Breaking news: The Trump Administration is changing its mind about tariffs once again. This time, the administration proposed in June that vehicles and auto parts already subject to tariffs would be exempt from the new duties it wants to place on 60 U.S. trading partners.
Now, the administration wants to place tariffs ranging from 10 to 12.5 percent on Canada, Mexico, Japan, South Korea, China, the United Kingdom, and the European Union. These tariffs stem from an investigation under the Trade Act of 1974, with the administration claiming these countries are still trading goods made with forced labor. U.S. trading partners have denied this.

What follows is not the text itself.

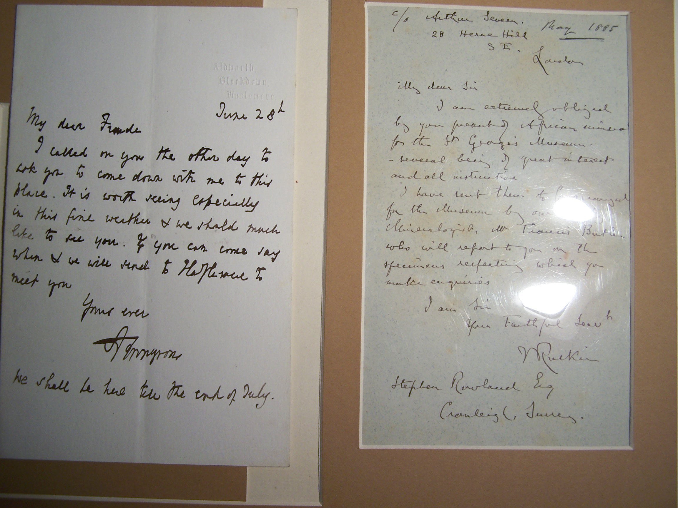 Autograph letter signed from John Ruskin to Stephen Rowland Esq., Cranleigh, Surrey, thanking him for his presents of African minerals for the St. George's museum "several being of great interest and all instructive. I have sent them to be arranged for the Museum by our acting mineralogist Francis Butler who will report to you on the specimens...", one page, 28 Herne Hill, May 1885; Tennyson, Alfred, Lord Autograph letter signed from Tennyson to "My dear Froude", asking him to visit him at Aldworth, Blackdown, near Haselmere "It is worth seeing especially in this fine weather & we should much like to see you. If you can come say when & we will send to Haslemere to meet you. Yours ever A. Tennyson", one page, Aldworth, Blackdown, June 28th (2)

The split between those two rates isn’t arbitrary. Countries that at least have forced-labor import bans on the books but don’t really enforce them — Canada, Mexico, and the European Union among them — would get the lower 10% rate. Everyone else, China, Japan, South Korea, and the UK included, lands at 12.5%.
If this goes into effect in July, as the administration plans, vehicles and auto parts, such as steel, aluminum, and copper, wouldn’t be subject to the new tariffs. This includes products that comply with the United States-Mexico-Canada Agreement. However, electronics, materials, and other auto parts not covered by the auto parts tariff would be subject to duties.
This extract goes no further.